Introduction / Context:
Euler’s elastic buckling load depends on the effective length L_e determined by end restraints. Stronger end fixity reduces L_e and increases the critical load dramatically.

Given Data / Assumptions:

• Same material (E), moment of inertia (I), and clear length l.
• One column is fixed–fixed; the other is hinged–hinged.
• Elastic Euler buckling applies (long, slender columns).

Concept / Approach:
Euler formula: P_cr = π^2 * E * I / (L_e^2). For hinged–hinged, L_e = l. For fixed–fixed, L_e = l / 2. The ratio of critical loads follows from the square of the effective length ratio.

Step-by-Step Solution:
Hinged–hinged: P_cr,HH = π^2 * E * I / l^2.Fixed–fixed: P_cr,FF = π^2 * E * I / (l/2)^2 = π^2 * E * I / (l^2/4) = 4 * π^2 * E * I / l^2.Ratio: P_cr,FF / P_cr,HH = 4.
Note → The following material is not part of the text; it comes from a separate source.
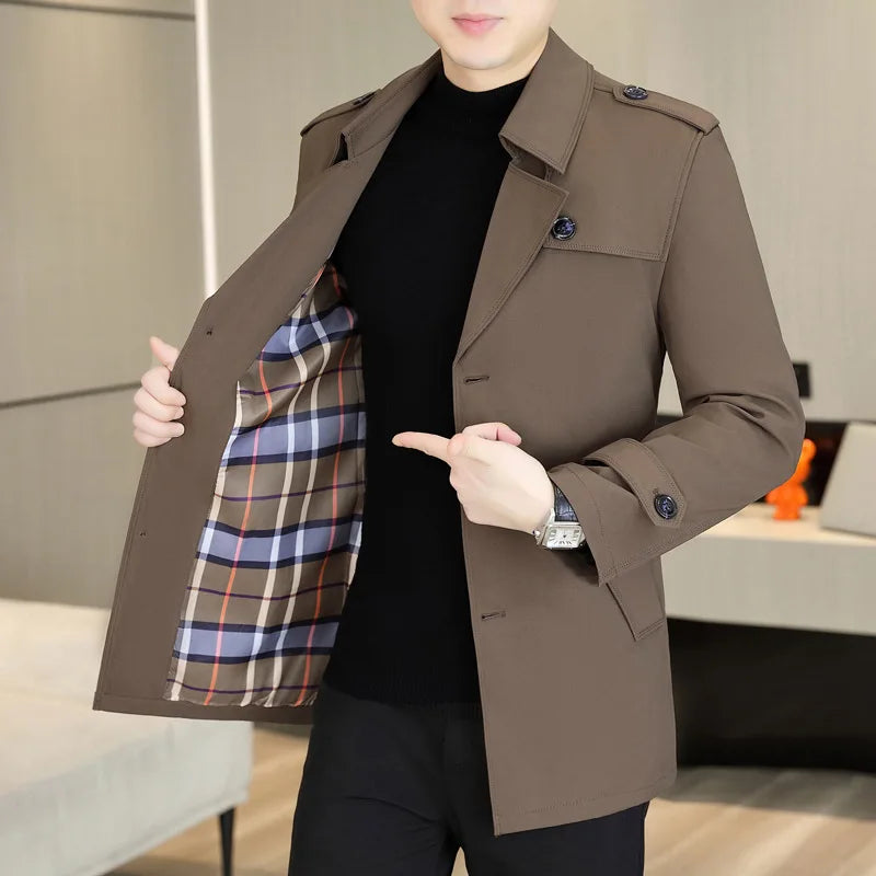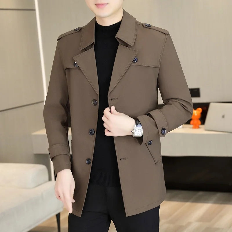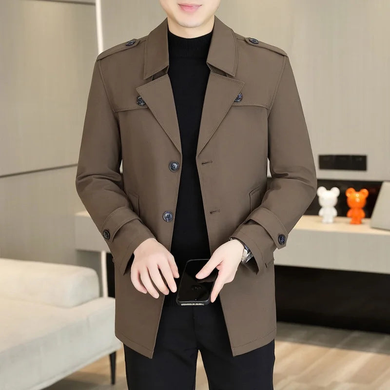 Modern Minimalist Men's Trench Coat | Korean Style Mid-Length Autumn Jacket for Men | Lightweight Waterproof Outerwear

Verification / Alternative check:
Effective length factors K: K_HH = 1.0, K_FF = 0.5. Since P_cr ∝ 1/K^2, the factor is 1/(0.5^2) = 4.

Why Other Options Are Wrong:
Two times or eight times contradict the 1/L_e^2 relationship. “Equal” ignores end restraint effects.

Common Pitfalls:
Confusing clear length with effective length; misapplying K factors for mixed end conditions (e.g., fixed–free or fixed–hinged).

Final Answer:
Four times